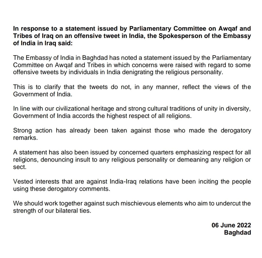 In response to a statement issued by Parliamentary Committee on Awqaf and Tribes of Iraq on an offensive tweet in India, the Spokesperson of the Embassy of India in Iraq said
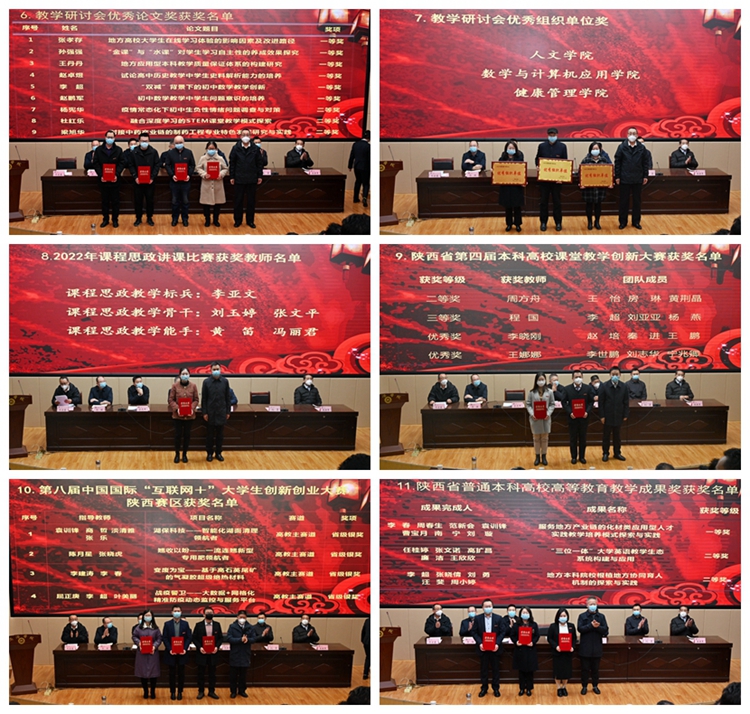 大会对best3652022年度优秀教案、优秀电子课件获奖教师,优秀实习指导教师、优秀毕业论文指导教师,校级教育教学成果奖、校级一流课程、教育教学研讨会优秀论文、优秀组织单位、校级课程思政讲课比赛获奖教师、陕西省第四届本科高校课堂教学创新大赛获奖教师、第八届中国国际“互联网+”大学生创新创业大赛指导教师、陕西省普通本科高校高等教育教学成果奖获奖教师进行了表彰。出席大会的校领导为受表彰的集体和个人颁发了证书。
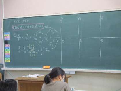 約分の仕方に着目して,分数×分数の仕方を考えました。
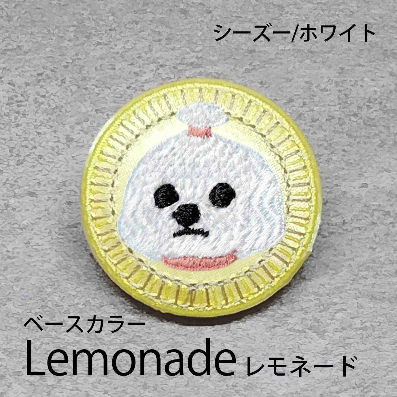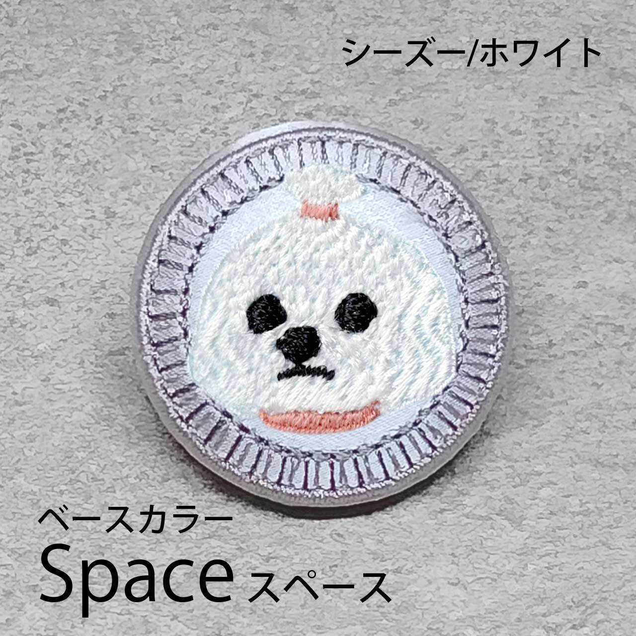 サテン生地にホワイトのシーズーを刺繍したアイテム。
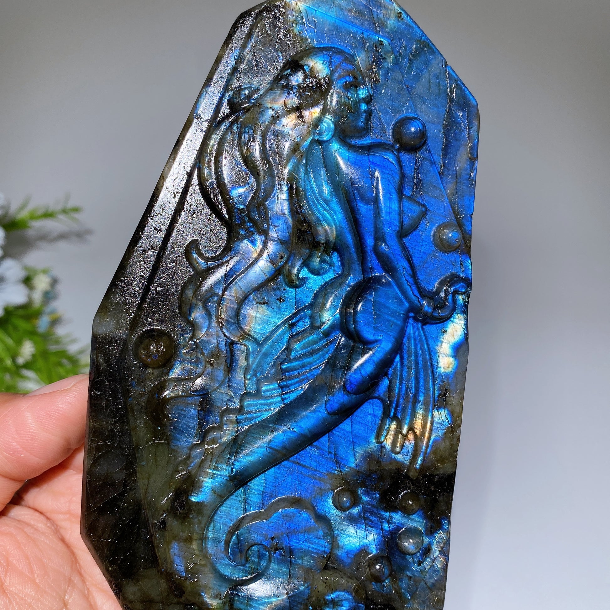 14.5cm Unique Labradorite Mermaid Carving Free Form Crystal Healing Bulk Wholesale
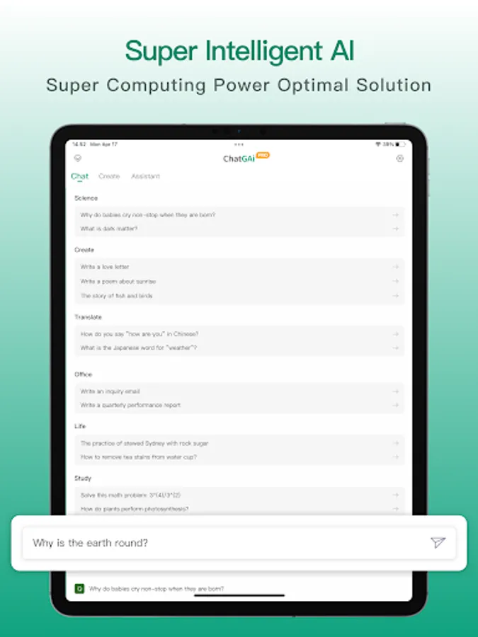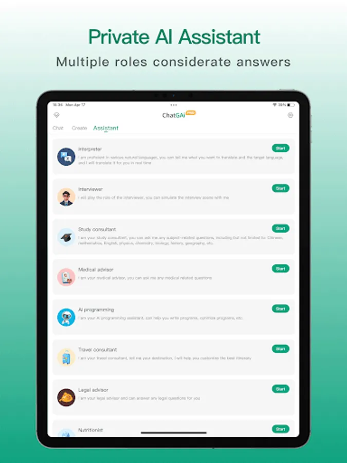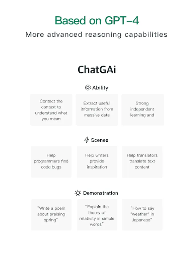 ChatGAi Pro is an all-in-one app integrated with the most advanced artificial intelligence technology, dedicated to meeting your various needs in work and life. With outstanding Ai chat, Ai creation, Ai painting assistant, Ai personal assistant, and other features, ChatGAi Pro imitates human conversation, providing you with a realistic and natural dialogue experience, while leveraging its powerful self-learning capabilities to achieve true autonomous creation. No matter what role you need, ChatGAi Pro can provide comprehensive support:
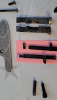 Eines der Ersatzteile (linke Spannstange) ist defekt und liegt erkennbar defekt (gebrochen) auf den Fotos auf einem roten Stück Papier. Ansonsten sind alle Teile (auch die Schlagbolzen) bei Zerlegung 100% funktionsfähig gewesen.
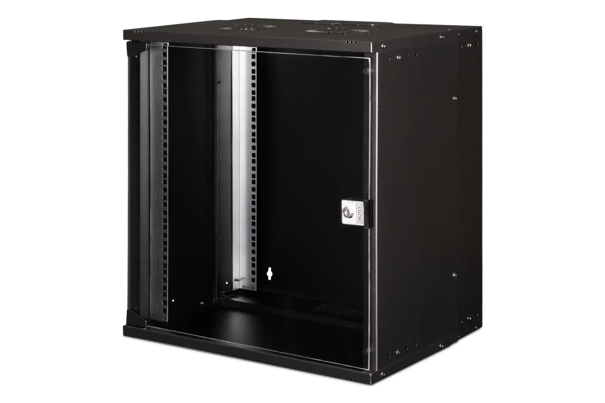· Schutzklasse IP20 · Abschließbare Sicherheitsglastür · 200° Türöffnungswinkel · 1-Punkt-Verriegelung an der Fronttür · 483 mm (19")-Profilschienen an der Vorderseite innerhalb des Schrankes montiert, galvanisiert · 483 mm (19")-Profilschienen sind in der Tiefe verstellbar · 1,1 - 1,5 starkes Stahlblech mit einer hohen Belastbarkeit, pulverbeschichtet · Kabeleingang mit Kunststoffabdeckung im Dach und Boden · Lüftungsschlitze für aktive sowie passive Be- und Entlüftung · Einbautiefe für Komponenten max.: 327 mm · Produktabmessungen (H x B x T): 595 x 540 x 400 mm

Exercise aim.
Using the entries above, extract exactly the lines from the one that contains "サテン生地にホワイトのシーズーを刺繍したアイテム。" through the one that contains "14.5cm Unique Labradorite". Do not carry over any pictures.

Exercise response.
 サテン生地にホワイトのシーズーを刺繍したアイテム。
 14.5cm Unique Labradorite Mermaid Carving Free Form Crystal Healing Bulk Wholesale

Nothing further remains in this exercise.